### DATA EXTRACTS
•••
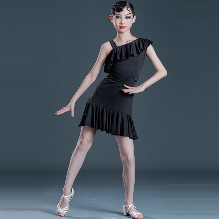 Latin Dance Exercises Girls' Summer Children Act Out of Inclined Shoulder Harness Dance Performance test for new foreign dress
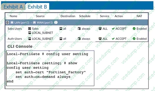 The exhibits contain a network interface configuration, firewall policies, and a CLI console configuration.
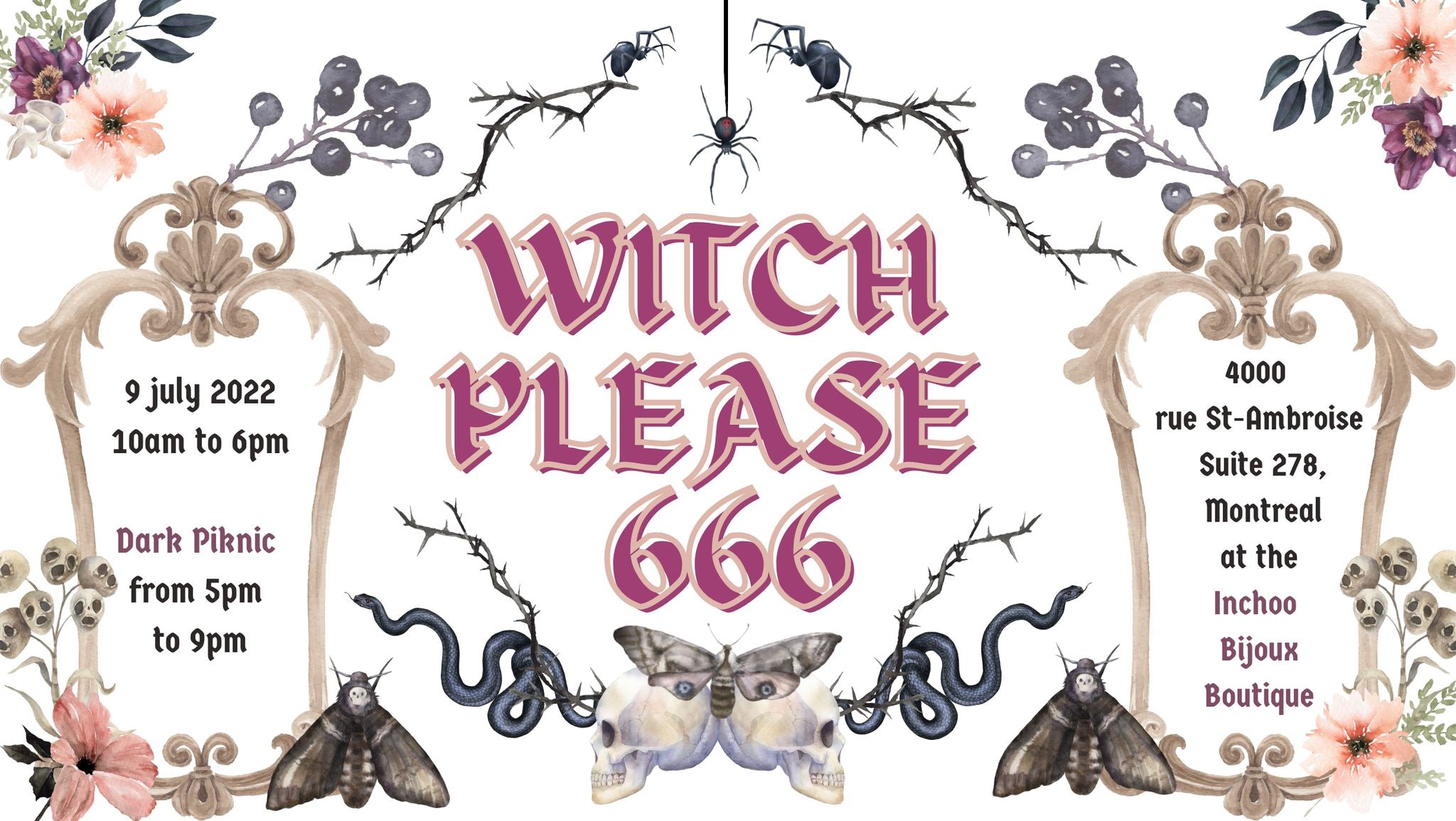 Witch Please is hosted at the Inchoo Bijoux Boutique : 4000 rue St-Ambroise, suite 278 in Montreal
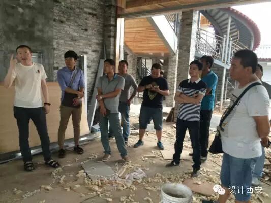 随后,大家来到了生态园的餐饮项目工地现场,西安设计师与咸阳设计师围绕本项目进行了设计交流和技术沟通,为生态园的发展规划提出了很多中肯的意见。
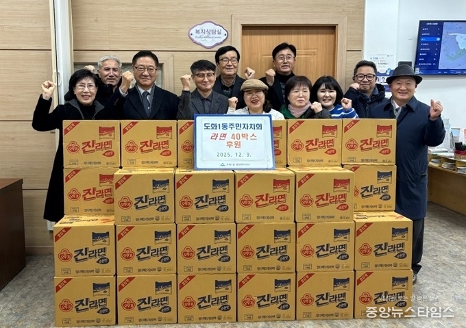 (중앙뉴스타임스 = 방재영 기자) 인천 미추홀구 도화1동 주민자치회(회장 정광세)는 지난 9일 연말을 맞이해 지역 내 취약계층을 위한 라면 40박스를 기부했다.
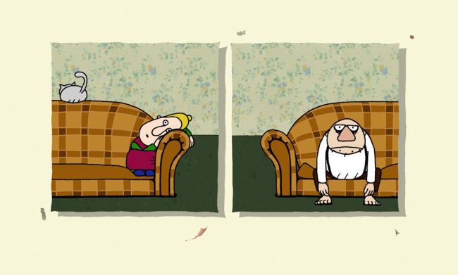Ό,τι συμβαίνει στον καναπέ σε δυο διαφορετικά, αλλά όμορα σαλόνια, την ίδια χρονική στιγμή. Μια γυναίκα, μια γάτα κι ένας άντρας… Μπορούν οι τοίχοι να χωρίζουν κόσμους;
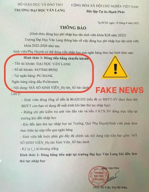 Thông tin từ phía Trường ĐH Văn Lang, một số phụ huynh và thí sinh báo tin về trường cho biết nhận được thông báo về việc đóng học phí nhập học của tân sinh viên khóa 28, yêu cầu thí sinh chuyển khoản học phí. Theo thông báo giả mạo này, tên số tài khoản là ĐH Văn Lang, yêu cầu tân sinh viên đóng học phí với tổng số tiền hơn 86,6 triệu đồng.
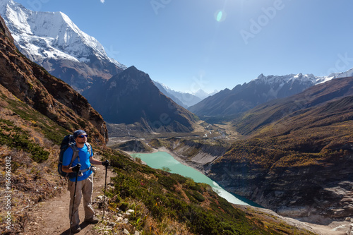 Hiker is climbig to Manaslu base camp in highlands of Himalayas on Manaslu circuit
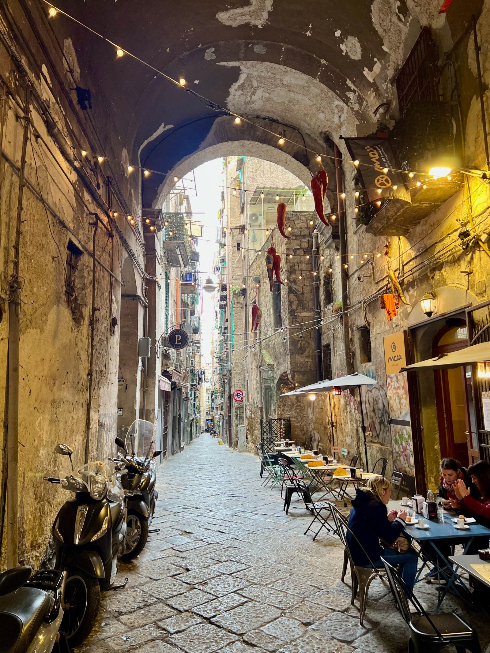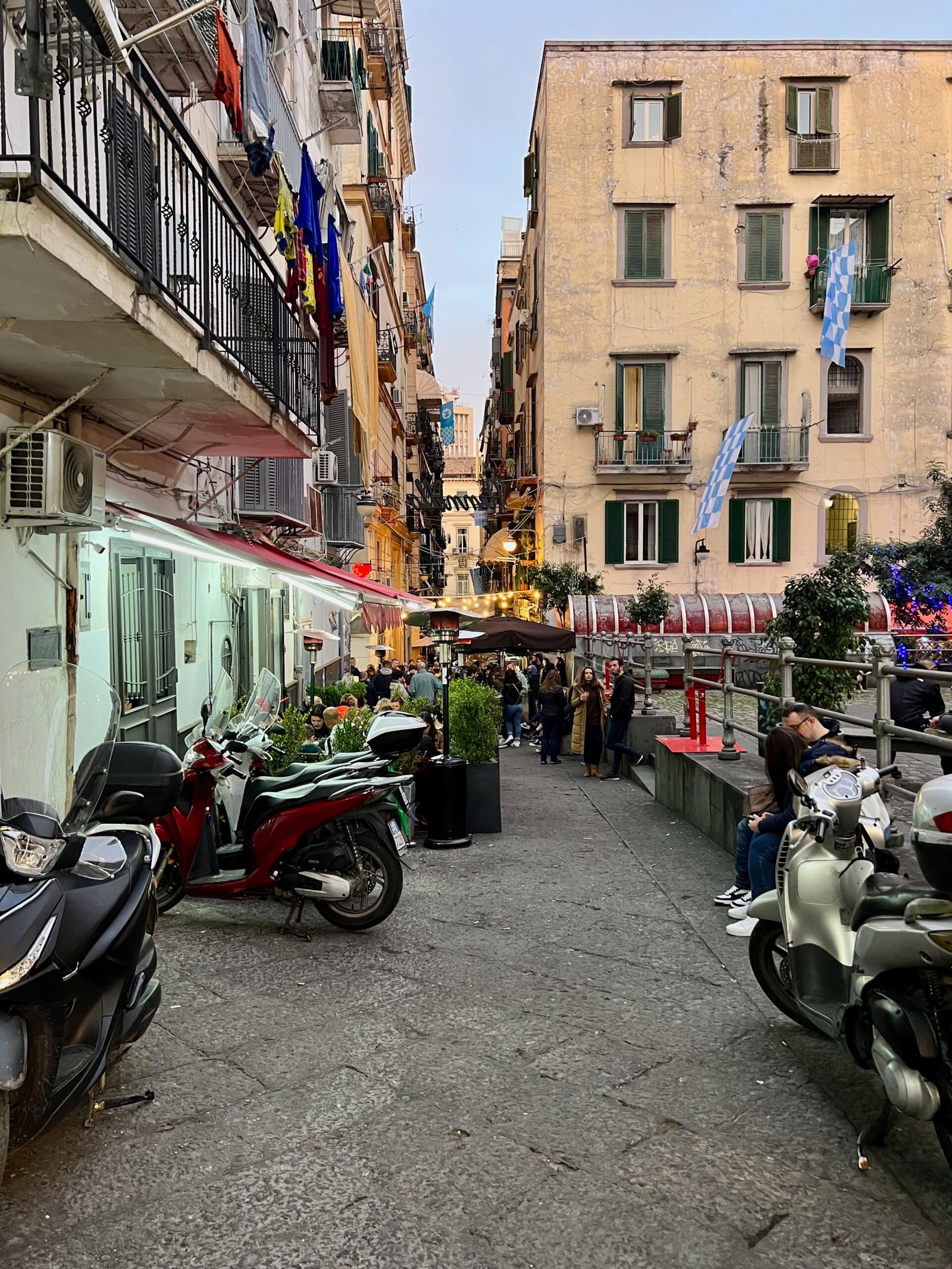 Desde el primer momento, Nápoles te golpea con su energía. Las calles estrechas, el tráfico imposible, las voces que se cruzan de balcón a balcón y ese olor constante a café, pizza y mar crean una atmósfera única. No es una ciudad para prisas ni para expectativas rígidas: aquí hay que dejarse llevar.
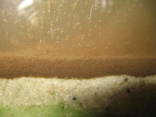 Und danach vorsichtig der Sand für den Vordergrund eingefüllt und die Barriere entfernt:
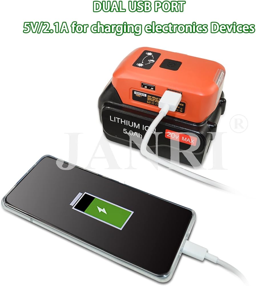 JANRI POWRE SOURCE Adapter Converter for 20V BLACK+DECKER Lithium ion LBXR20 LBX4020 LB2X4020 LBXR20-OPE LBXR2020-OPE LB2X3020-OPE LBXR20BT LBXR20CK battery , Dual USB Phone Charger , with DC Port Cordless Flashlight
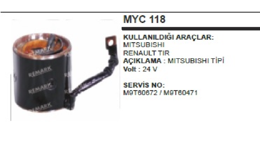 MARŞ YASTIĞI+GÖVDESİ 24V MITS.RENO TIR/ KARGO ÇAP:90mm ORTA BOY:85mm BOY:94mm KÖMÜR ÖLÇÜLERİ: 8mmX30 MYC118
•••
### TRY IT
Print exactly the line containing "Und danach vorsichtig" and every line after it through the final line above, and leave all pictures out.

### RESPONSE AREA
 Und danach vorsichtig der Sand für den Vordergrund eingefüllt und die Barriere entfernt:
 JANRI POWRE SOURCE Adapter Converter for 20V BLACK+DECKER Lithium ion LBXR20 LBX4020 LB2X4020 LBXR20-OPE LBXR2020-OPE LB2X3020-OPE LBXR20BT LBXR20CK battery , Dual USB Phone Charger , with DC Port Cordless Flashlight
 MARŞ YASTIĞI+GÖVDESİ 24V MITS.RENO TIR/ KARGO ÇAP:90mm ORTA BOY:85mm BOY:94mm KÖMÜR ÖLÇÜLERİ: 8mmX30 MYC118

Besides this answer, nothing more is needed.